*Task directions:* Could you retype the whole listing word for word and drop the images?

*Source material:*
((

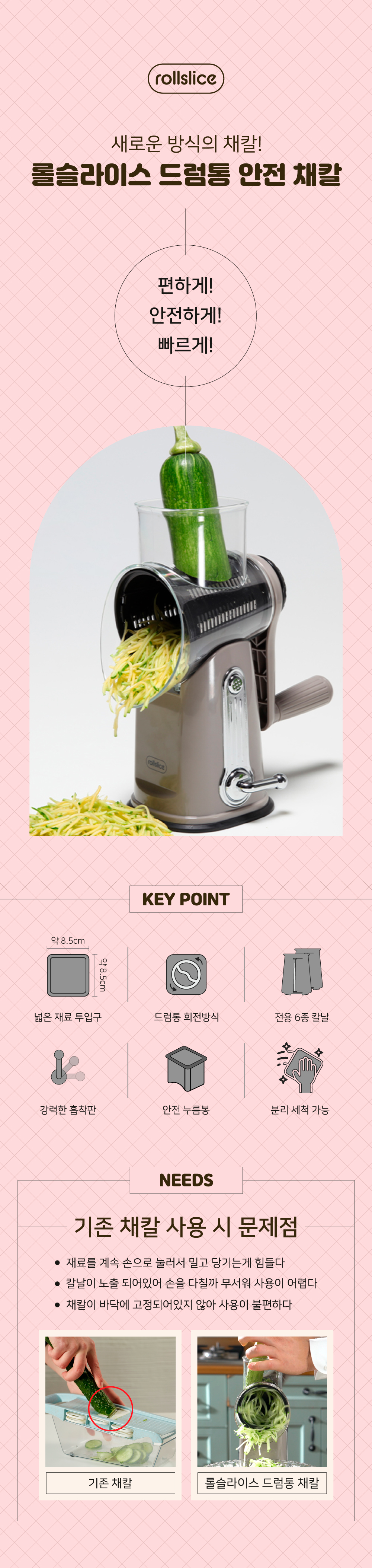 롤슬라이스 드럼통 안전 채칼 풀세트 (6종 칼날+세척솔+껍질제거필러)
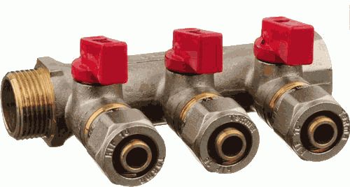 Коллекторы латунные для металлопластиковых труб предназначены для распределения рабочего потока между отдельными приборами или частями системы водоснабжения. Могут использоваться на трубопроводах холодного (в том числе питьевого) и горячего водоснабжения, отопления, а также на технологических трубопроводах, транспортирующих жидкости не агрессивные к материалам коллектора. Коллекторы с шаровыми кранами дают возможность отключать отдельные эле- менты/приборы системы. Диаметр входного патрубка 3/4"" с внутренней и наружной резьбой, с тремя шаровыми кранами и конусами 16 мм (1/2"") для соединения с металлопластиковой трубой. Не предназначены для регулировки расхода рабочего потока системы водоснабжения.
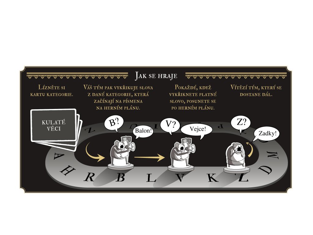 Ve zkratce - váš tým bude vykřikovat slova, která začínají na konkrétní písmeno a zapadají do určité kategorie. Počáteční písmena se změní pokaždé, když zakřičíte správnou odpověď, a pokud váš tým vymyslí víc slov než ten druhý, získáte body!

))

*Written answer:*
 롤슬라이스 드럼통 안전 채칼 풀세트 (6종 칼날+세척솔+껍질제거필러)
 Коллекторы латунные для металлопластиковых труб предназначены для распределения рабочего потока между отдельными приборами или частями системы водоснабжения. Могут использоваться на трубопроводах холодного (в том числе питьевого) и горячего водоснабжения, отопления, а также на технологических трубопроводах, транспортирующих жидкости не агрессивные к материалам коллектора. Коллекторы с шаровыми кранами дают возможность отключать отдельные эле- менты/приборы системы. Диаметр входного патрубка 3/4"" с внутренней и наружной резьбой, с тремя шаровыми кранами и конусами 16 мм (1/2"") для соединения с металлопластиковой трубой. Не предназначены для регулировки расхода рабочего потока системы водоснабжения.
 Ve zkratce - váš tým bude vykřikovat slova, která začínají na konkrétní písmeno a zapadají do určité kategorie. Počáteční písmena se změní pokaždé, když zakřičíte správnou odpověď, a pokud váš tým vymyslí víc slov než ten druhý, získáte body!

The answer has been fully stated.